We don’t want to screw this up
This growing consensus among the citizenry that we might consider more Walk and less Talk with respect to additions and enhancements to our regional quality-of-place assets is both welcome and fragile.
It’s a fragility we might secure with plans that are practical and feasible. It’s a fragility beyond the efforts of all the King’s men if propaganda pushes the interests of a few over the best bang for the collective buck.
We don’t want to screw this up.
At long last, we possess a willingness by folks in the area to come together and make big things happen. A little more than a decade ago we voted to tax ourselves for the $200 million expansion of Lake Fort Smith — which also required a hefty payout for a very nice and new state park. Earlier this decade we said yes to converting our two-year college to a four-year university. There was the successful push to save the 188th. Ditto for landing the Marshals Museum. And from the Damn-Near-Impossible files, we get the political leadership in Crawford and Sebastian counties to agree to the creation of a regional intermodal authority. Even more recent was this remarkable effort to place 12,000 wreaths at the Fort Smith National Cemetery that went from idea to reality in less than 8 weeks.
We are in a transition. Economic reality has finally permeated the thickness of our conservative body politic. Many in the area now realize that economic development is about far more than access to big buildings, railroads and waterways, decent schools and cheap labor. We’ve discovered — or at least I’d like to believe it so — that if you sell your community as a cheap place to do business, then you get businesses that only see and treat your community as a cheap place.
Part of this transition includes the belief that economic development is external AND internal; it’s about including a societal element, which results in a socio-economic development mode that considers the value of life outside the workplace; and, therefore, it’s about creating a community just as eager to welcome and cater to the creative fury of non-conforming entrepreneurial talent as it is eager to pursue the traditional blue-collar job recruitment plan.
We don’t want to screw this up.
It may be that Fort Smith Mayor Ray Baker’s incessant and appealing chant that “Life is worth living in Fort Smith, Arkansas,” eventually forced us to think about what makes life worth living. And maybe somewhere amidst the white noise of superficial cheerleading we realized that what makes life worth living for Mayor Baker may not be what makes life worth living for that young entrepreneur who might be the next Gates, or Jobs or Walton or Hunt or Samuel McCloud or Robert A. Young Jr., or Collier Wenderoth or Kyle Parker or Chester Koprovic or any number of men and women who made their life worth living (and created jobs) in the area during economic realities of decades past.
The macro view is, arguably, that we have two basic long-term options. The first option is that in 20 years a majority of the jobs in our regional economy are beholden to the whims of folks in other states or countries. The second option is that in 20 years a majority of the jobs in our regional economy are controlled by people who live, work and play in this region. If you like best the second option, then you understand why we can’t screw this up.

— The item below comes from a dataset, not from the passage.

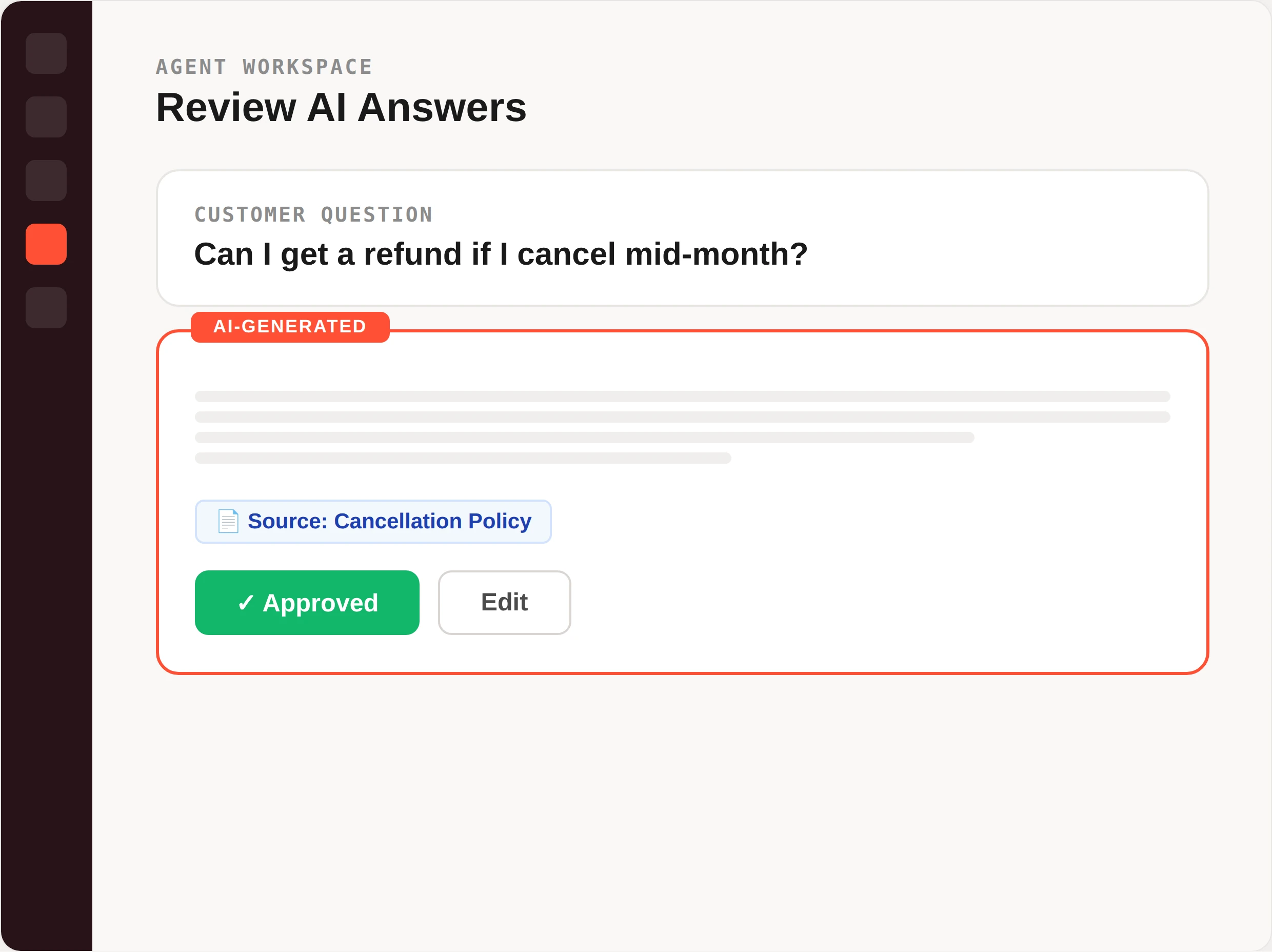 Comprendly generates draft answers grounded in your approved knowledge, with sources included.

So now we find our political leaders in Fort Smith and Sebastian County talking earnestly and collaboratively about possible quality-of-place projects — in the price range of $30 million to $40 million — designed to diversify what it is that makes life worth living in the Fort Smith region. Mentioned in this talk are various projects (a baseball stadium; new facilities for tennis, soccer, baseball and softball; park enhancements; indoor sports facility; etc.) to be located at Ben Geren Regional Park, the Riverfront in downtown Fort Smith and certain city parks. An effort to financially bolster the Fort Smith Convention Center will (should) be part of the mix.
The mix is important. We don’t want to screw this up.
At risk of oversimplification, our socio-economic development success depends on the following four broad categories (in no particular order):
• Education assets
We have a dynamic and responsive university new enough to not be too weighed down with academic bureaucracy. Also, we’ll need to continue our push for public schools that can be as good as the federal and state public school system rules allow.
• Arts and entertainment
The region is in need of a diverse range of arts and entertainment options. We’re not there yet, but it’s not from lack of trying. What constitutes such diversity? For the sake of discussion, let’s include gun ranges to ecotourism to regional art shows to big-name concerts and first-run off-Broadway theater. And then we need good restaurants (locally owned, preferably) and a good bar scene (respectable venues with popular regional music acts in town on a consistent basis). Art shows, good theater and a drink with a good meal and/or good music doesn’t sound much like economic development, but it most certainly is.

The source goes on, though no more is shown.